FIU neuroscientist becomes president of University of Liberia


Retired FIU Biology professor Ophelia Weeks has been named president of the University of Liberia.

Already at work in her new role, Weeks will be officially installed as the university’s 14th president during a ceremony later this month. She replaces Emmet Dennis who retired in December.

Weeks spent more than 30 years as a neuroscientist with FIU, joining the faculty in 1986. She served as director of QBIC — Quantifying Biology in the Classroom — an in-depth biological sciences program and was an affiliate faculty member of what would become the Center for Women’s and Gender Studies. During her time at FIU, she received many university awards included the Excellence in Teaching Award, Excellence in Service Award and the Minority Faculty Development Award.

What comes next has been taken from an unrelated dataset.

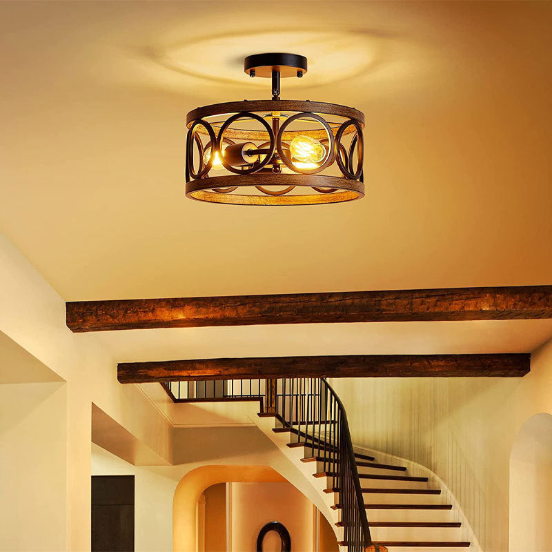 Contemporary Industrial Round Hollowed Out Wood Grain Iron 3-Light Semi-Flush Mount Ceiling Light For Living Room

Throughout the years, she often returned to her native Liberia, sometimes for a visit and other times for work. In 2006, she became an affiliate faculty member of the University of Liberia’s A.M. Dogliotti School of Medicine. In recent years, Weeks split her time between the United States and Liberia and had assumed a leadership role within the University of Liberia. She permanently relocated to her homeland earlier this year when she retired from FIU in January.

Weeks has had a long history with the University of Liberia, going back to her childhood when, at age 7, she resided with her family on campus after her father became the third president of the university. Weeks is the second woman to lead the university since its founding in 1951.